=== Begin Enclosure ===
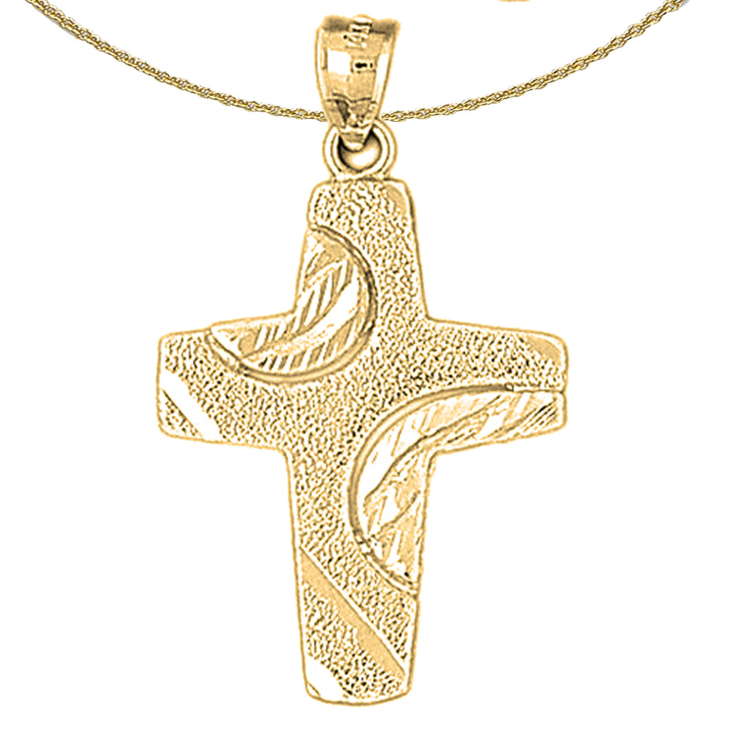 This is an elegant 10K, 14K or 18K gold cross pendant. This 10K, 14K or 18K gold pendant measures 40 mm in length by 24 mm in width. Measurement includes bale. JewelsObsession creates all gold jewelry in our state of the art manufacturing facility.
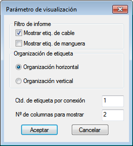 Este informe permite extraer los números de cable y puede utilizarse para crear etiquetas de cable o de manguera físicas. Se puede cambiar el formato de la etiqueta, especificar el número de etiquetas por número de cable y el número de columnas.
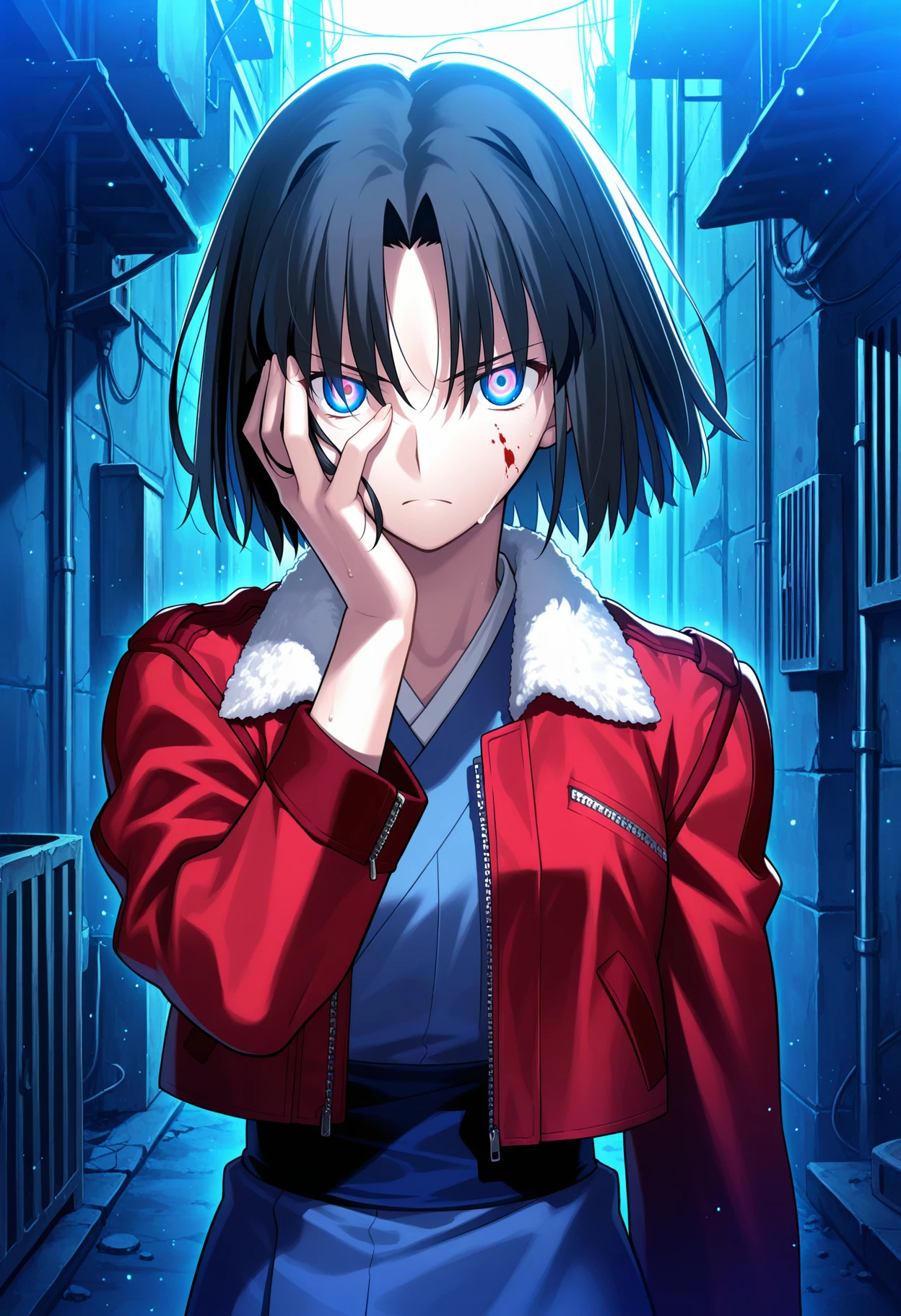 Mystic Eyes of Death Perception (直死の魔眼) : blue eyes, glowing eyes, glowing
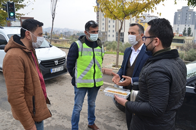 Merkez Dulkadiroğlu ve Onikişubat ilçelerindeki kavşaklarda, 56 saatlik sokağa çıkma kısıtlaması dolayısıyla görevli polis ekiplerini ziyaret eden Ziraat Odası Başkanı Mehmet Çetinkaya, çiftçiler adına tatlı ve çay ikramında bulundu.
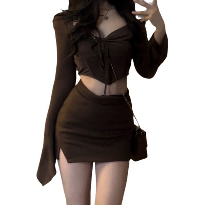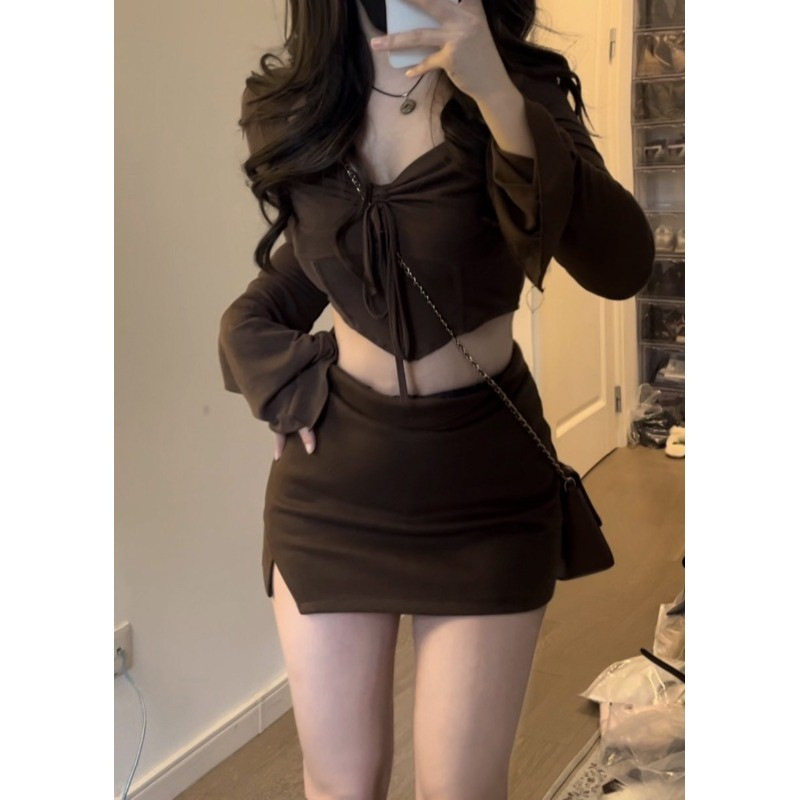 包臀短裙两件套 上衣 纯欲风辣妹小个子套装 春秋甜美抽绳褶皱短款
=== End Enclosure ===
▸ **AIM OF THE EXERCISE**:
A verbatim copy of every record above is required, with all pictures omitted.

▸ **SOLUTION FOR THIS EXERCISE**:
 This is an elegant 10K, 14K or 18K gold cross pendant. This 10K, 14K or 18K gold pendant measures 40 mm in length by 24 mm in width. Measurement includes bale. JewelsObsession creates all gold jewelry in our state of the art manufacturing facility.
 Este informe permite extraer los números de cable y puede utilizarse para crear etiquetas de cable o de manguera físicas. Se puede cambiar el formato de la etiqueta, especificar el número de etiquetas por número de cable y el número de columnas.
 Mystic Eyes of Death Perception (直死の魔眼) : blue eyes, glowing eyes, glowing
 Merkez Dulkadiroğlu ve Onikişubat ilçelerindeki kavşaklarda, 56 saatlik sokağa çıkma kısıtlaması dolayısıyla görevli polis ekiplerini ziyaret eden Ziraat Odası Başkanı Mehmet Çetinkaya, çiftçiler adına tatlı ve çay ikramında bulundu.
 包臀短裙两件套 上衣 纯欲风辣妹小个子套装 春秋甜美抽绳褶皱短款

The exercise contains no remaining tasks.